The following table presents detail regarding the composition of the Company’s total revenue by product type and by geographical region, either U.S. or rest of world (“RoW”):
Three months ended March 31,
20232022
(in millions)U.S.RoWTotalU.S.RoWTotal
Testing revenues:
Hereditary Cancer$64.0 $11.7 $75.7 $60.7 $10.2 $70.9 
Tumor Profiling28.8 8.5 37.3 19.7 12.8 32.5 
Prenatal36.0 0.2 36.2 31.7 0.2 31.9 
Pharmacogenomics32.0  32.0 29.3  29.3 
Other   0.3  0.3 
Total revenue$160.8 $20.4 $181.2 $141.7 $23.2 $164.9 
Under ASC 606, Revenue from Contracts with Customers ("ASC 606"), an entity recognizes revenue to depict the transfer of promised goods or services to customers in an amount that reflects the consideration to which the entity expects to be entitled in exchange for those goods or services. The Company performs its obligation under a contract with a customer by processing tests and communicating the test results to customers, in exchange for consideration from the customer. The Company has the right to bill its customers upon the completion of performance obligations and thus does not record contract assets. Occasionally, customers make payments prior to the Company’s performance of its contractual obligations. When this occurs, the Company records a contract liability as Deferred revenue, which is included in Accrued liabilities in the Condensed Consolidated Balance Sheets.
In accordance with ASC 606, the Company has elected not to disclose the aggregate amount of the transaction price allocated to remaining performance obligations for its contracts that are one year or less, as the revenue is expected to be recognized within the next year. Furthermore, the Company has elected not to disclose the aggregate amount of the transaction price allocated to remaining performance obligations for its agreements wherein the Company’s right to payment is in an amount that directly corresponds with the value of the Company’s performance to date.

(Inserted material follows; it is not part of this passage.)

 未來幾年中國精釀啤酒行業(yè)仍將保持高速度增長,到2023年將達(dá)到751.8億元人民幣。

In determining the transaction price, the Company includes an estimate of the expected amount of consideration as revenue. The Company applies this method consistently for similar contracts when estimating the effect of any uncertainty on an amount of variable consideration to which it will be entitled. An estimate of transaction price does not include any estimated amount of variable consideration that is constrained. In addition, the Company considers all the information (historical, current, and forecast) that is reasonably available to identify possible consideration amounts. In determining the expected value, the Company considers the probability of the variable consideration for each possible scenario. The Company also has significant experience with historical discount patterns and uses this experience to estimate transaction prices.

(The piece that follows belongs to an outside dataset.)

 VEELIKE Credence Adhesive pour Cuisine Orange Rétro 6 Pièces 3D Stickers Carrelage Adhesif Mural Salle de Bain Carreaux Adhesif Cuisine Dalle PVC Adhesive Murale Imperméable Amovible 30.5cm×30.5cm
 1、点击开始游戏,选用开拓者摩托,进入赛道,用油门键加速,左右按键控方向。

The estimate of revenue is affected by assumptions in payor behavior such as changes in payor mix, payor collections, current customer contractual requirements, and experience with collections from third-party payors. When assessing the total consideration for insurance carriers and patients, revenues are further constrained for estimated refunds. The Company reserves certain amounts in Accrued liabilities in the Company’s Condensed Consolidated Balance Sheets in anticipation of requests for refunds of payments made previously by insurance carriers, which are accounted for as reductions in revenues in the Condensed Consolidated Statements of Operations and Comprehensive Loss.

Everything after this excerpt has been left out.